Statistical analyses of the ocular traits were performed with commercial software (SPSS ver. 14.0; SPSS Inc., Chicago, IL). Outlier detection and removal proceeded as follows. First, using the finding that the bilateral ocular traits correlated highly in fellow eyes (range of Pearson correlation coefficients, 0.82–0.97; all
P < 0.001), data points that fell outside the 99% CI of a fitted regression line in a scatter plot of trait values in right versus left eyes were set as missing values. Second, after taking the average trait value of the bilateral traits, trait values beyond three standard deviations from the mean were also set as missing values. For the WL population, this resulted in the removal of data for 1, 4, 5, 8, and 5 individuals for the traits, radius of corneal curvature, anterior chamber depth, lens thickness, vitreous chamber depth, and axial length, respectively.
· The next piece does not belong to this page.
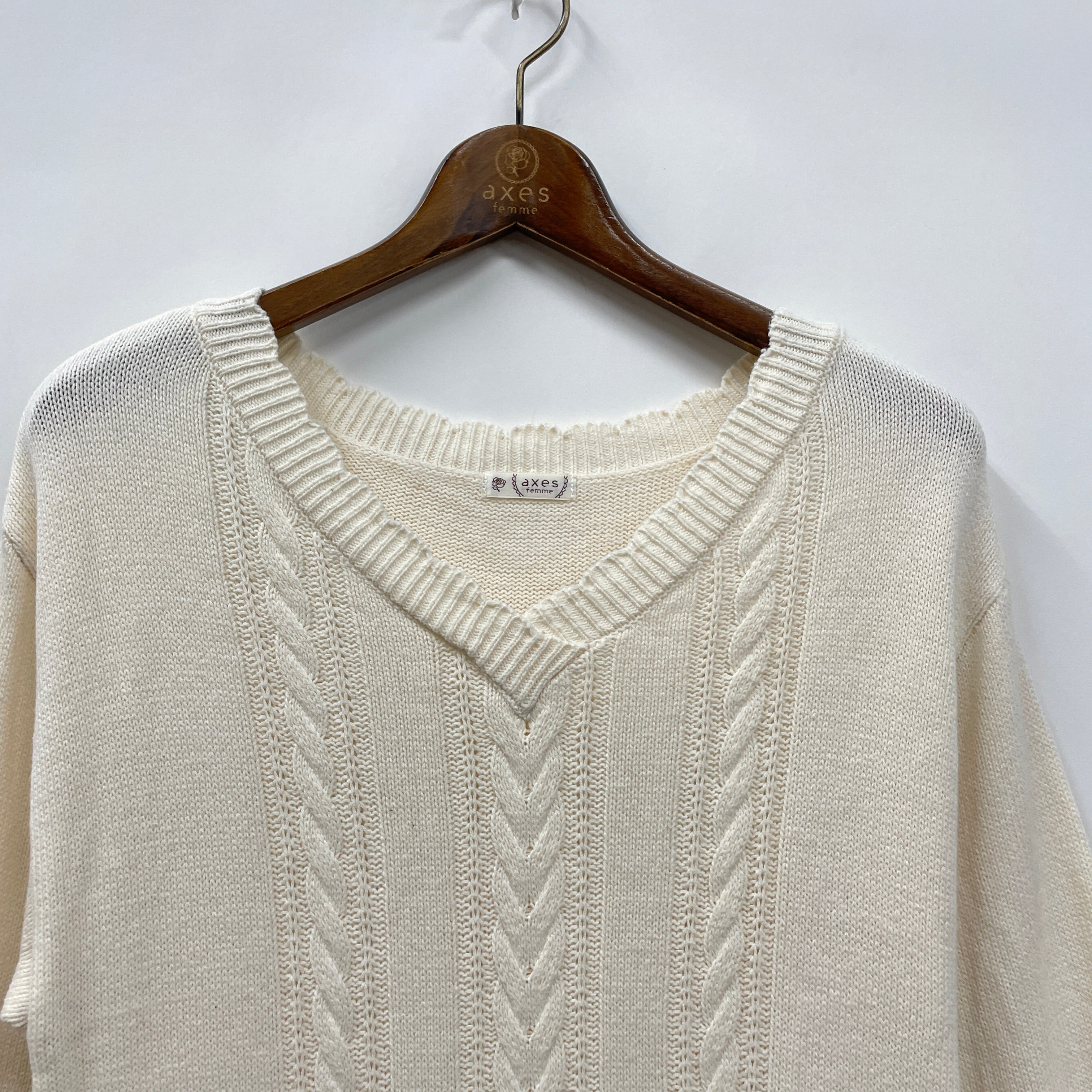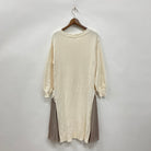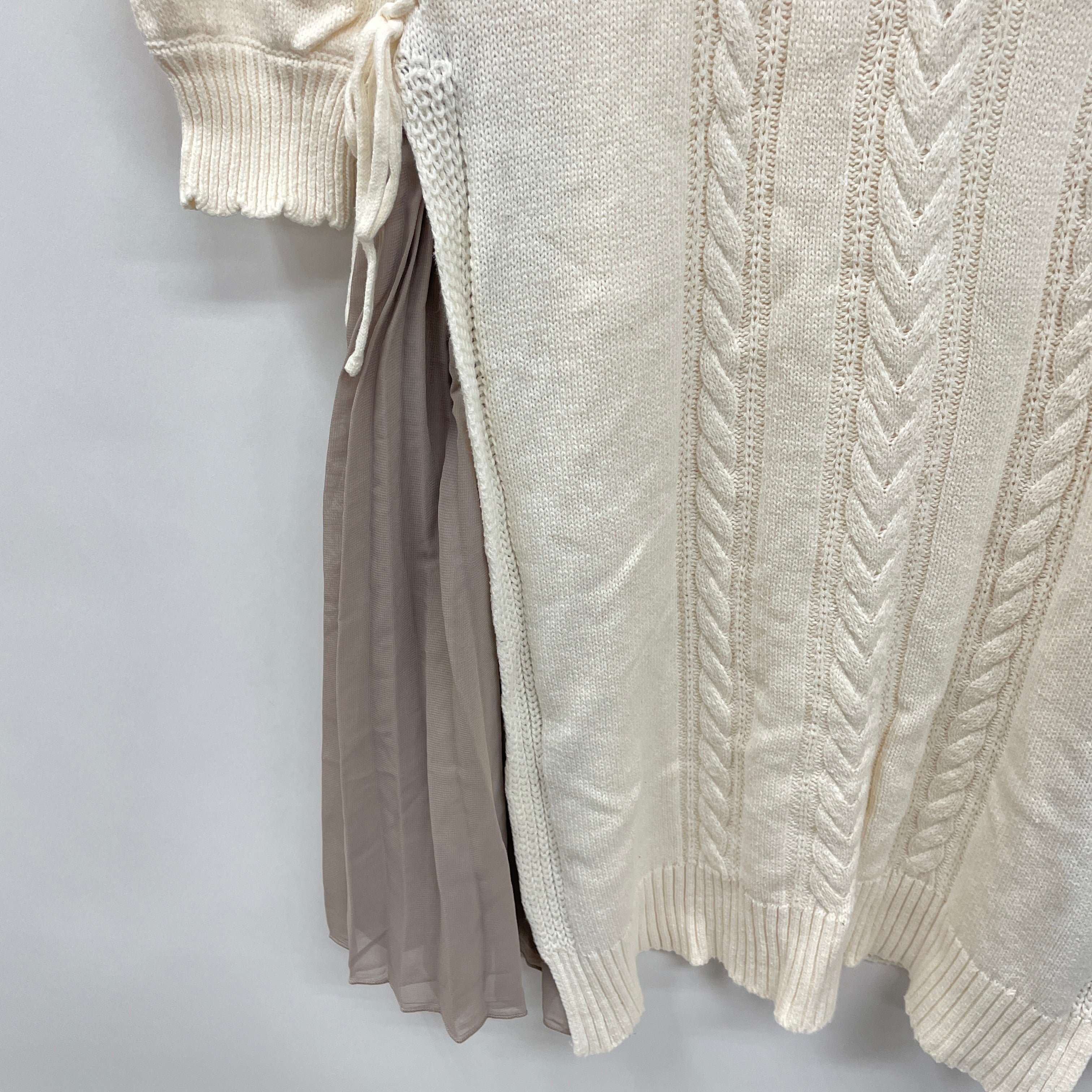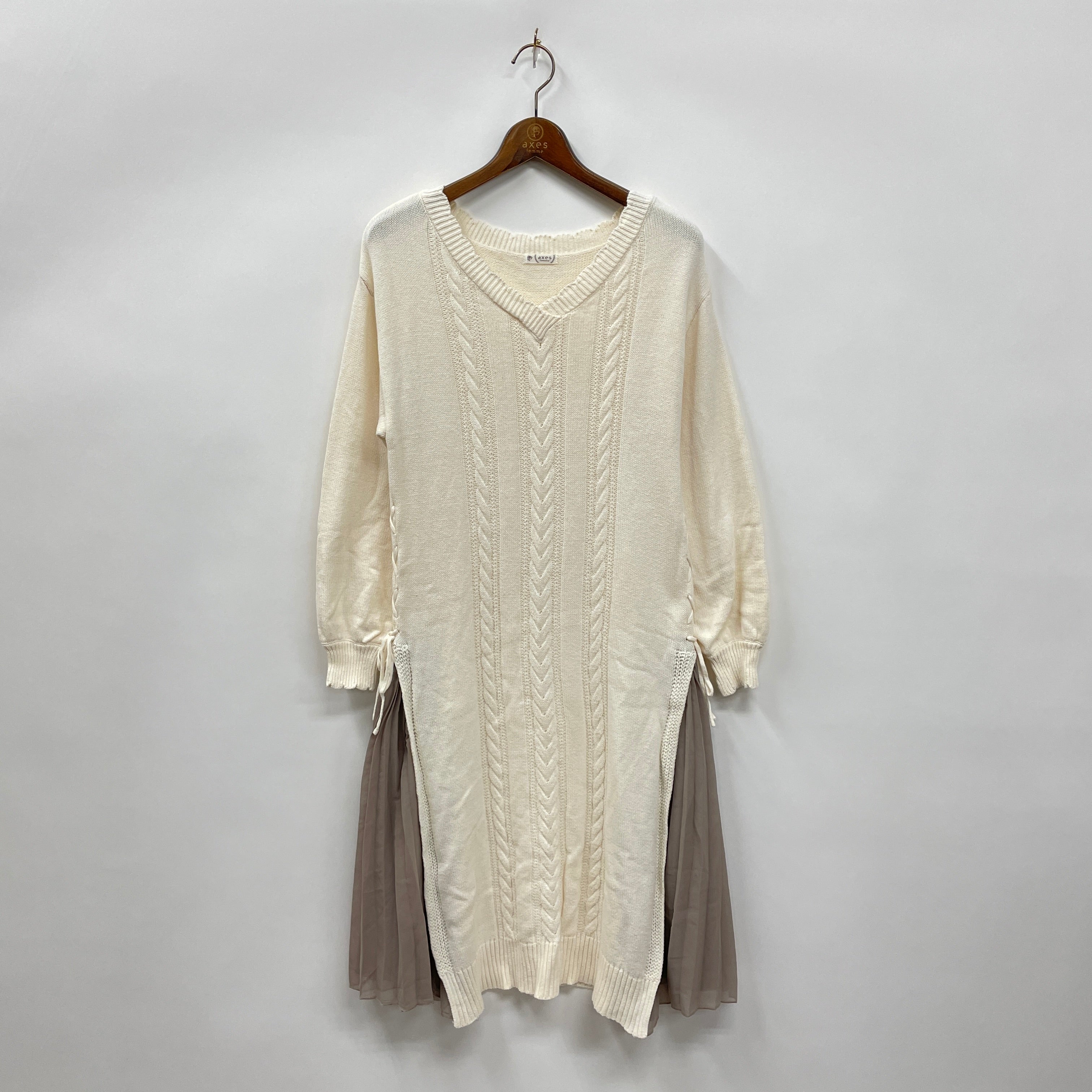 トレンドライクなサイドプリーツを取り入れたニットワンピース。配色がポイントになります。Vネックなので、中にタートルなどを合わせて温かく着まわせます。

Similarly, in the AIL population, 7, 5, 6, 11, 8, 6, 7, and 3 individuals were removed for the traits, radius of corneal curvature, anterior chamber depth, lens thickness, vitreous chamber depth, axial length, corneal thickness, eye diameter, and eye weight, respectively. As well as these trait values that were deliberately excluded, a small number of chickens were missing phenotype information for certain traits (e.g., due to equipment failure). The final number of WL and AIL chicks used in the analysis of each trait is shown in
Table 2, broken down by sex. All ocular traits were deemed to be normally distributed (by the Kolmogorov-Smirnov test), and hence no transformations of the traits were made before heritability analysis.